(Records supplied):

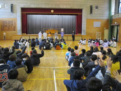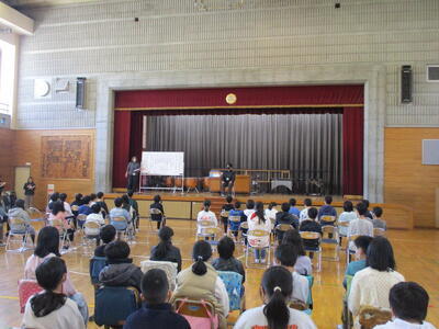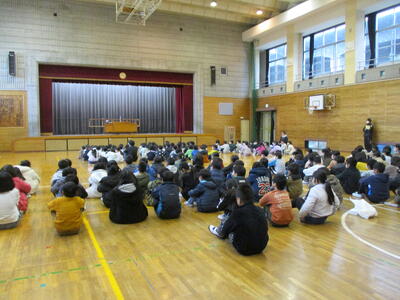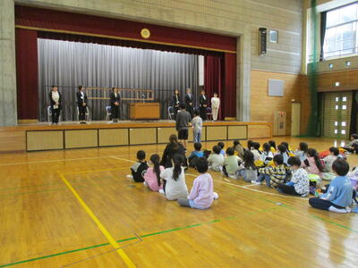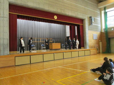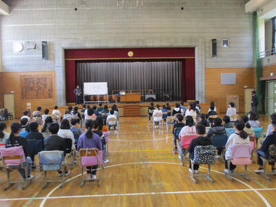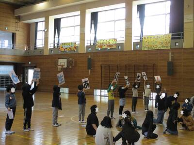 今日は、全校での6年生を送る会が行われました。どの学年も6年生への感謝と、お祝いの気持ちを伝えるために今日まで一生懸命に練習をしてきました。どの学年も笑いを交えながら立派な発表でした。感謝とお祝いがしっかり伝わったことと思います。
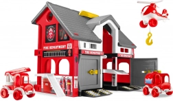 Sættet indeholder et hus med åbningsbare døre, en elevator og 3 køretøjer – helikopter, brandbil og vandtankvogn. Der medfølger 34 klistermærker til personalisering, krog, beholdere til sand og vand samt et håndtag på taget for nem transport. Legen udvikler fantasi, kreativitet og psykomotoriske færdigheder og egner sig både til fælles og selvstændig underholdning.
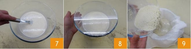 afin d'obtenir un mélange homogène et sans grumeaux 7 ; couvrez avec du film plastique et laissez infuser pendant une nuit entière 8. Une fois le temps écoulé, filtrez le mélange à travers un tissu placé à l'intérieur d'un bol 9,
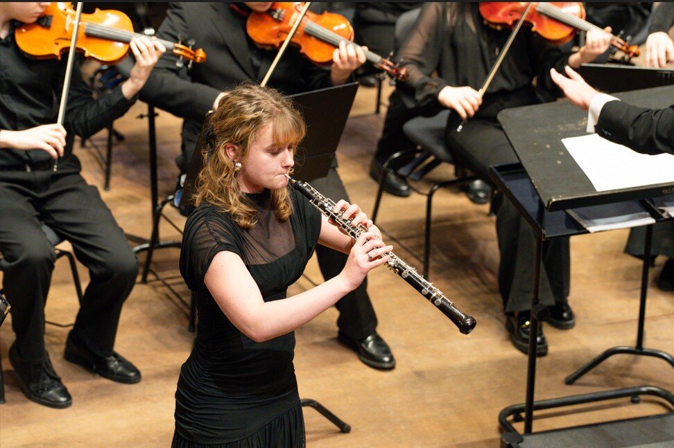 Vakaro solistai buvo tikras jubiliejaus perlas. Ne vien dėl technikos, o dėl brandos, su kuria jie scenoje kūrė ryšį. Obojininkė Dorotėja Kizerskytė, respublikinių ir tarptautinių konkursų laureatė, šiandien orkestre grojanti pirmuoju obojumi, atliko Ennio Morricone „La Califa“. Obojaus „balsas“ skambėjo it žmogaus pasakojimas – kartais trapus, kartais tvirtas, bet visada nuoširdus. Dorotėjos muzikalumas, subtilus kvėpavimas ir frazės vientisumas leido kūriniui skleistis natūraliai, be dirbtinio dramatizmo. Gražiai suskambėjo ir fortepijono partija. Pianistė Dovilė Kirlytė jautriai palaikė solistę, o mokytojų Viktor Palej ir Jurgos Reneckytės-Žemaitienės indėlis jautėsi kaip stipri, patikima atrama užkulisiuose.
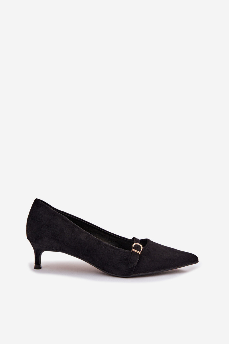 Sapatos femininos com salto baixo e saltos decorados na cor preta Pirela
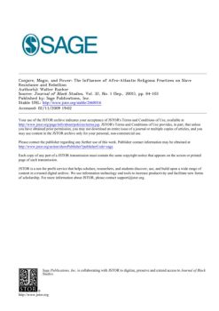 Conjure, Magic, and Power: The Influence of Afro-Atlantic Religious Practices on Slave Resistance and Rebellion Author(s): Walter Rucker Source: Journal of Black ...

(Work instruction): Needed here is a verbatim copy of the data from the first line through the line with "Sættet indeholder et", without pictures.

(Output for this exercise):
 今日は、全校での6年生を送る会が行われました。どの学年も6年生への感謝と、お祝いの気持ちを伝えるために今日まで一生懸命に練習をしてきました。どの学年も笑いを交えながら立派な発表でした。感謝とお祝いがしっかり伝わったことと思います。
 Sættet indeholder et hus med åbningsbare døre, en elevator og 3 køretøjer – helikopter, brandbil og vandtankvogn. Der medfølger 34 klistermærker til personalisering, krog, beholdere til sand og vand samt et håndtag på taget for nem transport. Legen udvikler fantasi, kreativitet og psykomotoriske færdigheder og egner sig både til fælles og selvstændig underholdning.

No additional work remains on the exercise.